For those suffering from osteoarthritis - a disease resulting from wear and tear on joints - a joint replacement is sometimes needed after all other attempts at pain relief have failed. But a successful replacement depends in part on a proper fit of the implant to the bone. Dr. Bruce Bollinger is an orthopedic surgeon in Fort Worth, and one of two doctors in Texas trained in a recently FDA approved method of custom-fitting knee implants to patients.
Dr. Bollinger: Other companies have implants that are predetermined sizes, and in surgery, I basically open up the knee, size that knee at the time, and try to select the best fit for that knee. So if sometimes I have to go to a smaller implant to make it fit, or sometimes, like optimally, you have to go a little bit bigger to get it to work. It’s a process of trying to make the patient fit the implants in most systems.
Baker: I don’t mean to make light of it – that almost sounds like renting a tuxedo and then having it fit to you.
Dr. Bollinger: Well, in the past that’s the way it had to be done. What the ConforMIS company is now able to do – we do a CT scan, a special X-ray imaging of that patient’s knee and their lower extremity and from that we’re able to create a patient- specific implant that will fit them and then only. If we make that implant and we decide that we don’t do the surgery, that implant literally is thrown away because it will fit no one else.
Baker: The advantage of this fit is what?
Dr. Bollinger: Better coverage of the bone. If we have better coverage of the bone, we should have better long-term support of that implant by the bone, and also, since each implant is a little bit different, we can design the articulation such that we maximize the bearing service so there’s less stress on the implant over the long haul, meaning that implant will last longer. And then the other aspects that I’ve found, it’s actually less surgery that I have to do. A lot of the planning and everything is also done by the computers. So I get an implant that would fit you.

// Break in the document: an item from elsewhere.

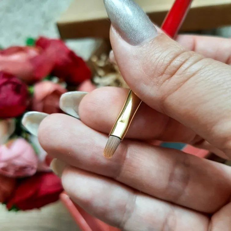 Кисточка закругленной формы со скошенным краем и тонким кончиком. #Волокна хорошо скреплены между собой и не пушатся при использовании. Кисть хорошо сохраняет форму и равномерно распределяет цвет. Доставка в РБ - почти месяц. Трек отслеживался в статусе заказа на Aliexpress.
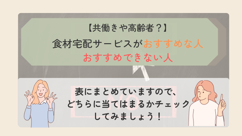 【共働きや高齢者?】食材宅配サービスがおすすめな人・おすすめできない人

Parallel that implant being made is a set of cutting guides that will minimize the amount of bone I have to remove to get this implant in place and minimizes the amount of soft tissue surgery I have to do to get the implant to fit you also. What that means is we’re finding less blood loss, less post-operative pain, a faster return to function. I’ve got patients that have been back to work in as little as two weeks full-duty, after a full knee replacement.
Baker: Custom fit, though, usually implies more cost?
Dr. Bollinger: Unfortunately, in a Medicare population, Medicare predetermines they will pay x number of dollars for an implant, the surgery, and everything associated with the surgery. I’ve been using this custom implant in a younger population, because again, we’re conserving bone so that revision surgeries in the future are going to be easier. Younger patients are going to have more conventional insurance and I don’t have to be concerned the hospital is going to necessarily lose money if, as in Medicare situations, they only get x number of dollars to cover the cost of the surgery.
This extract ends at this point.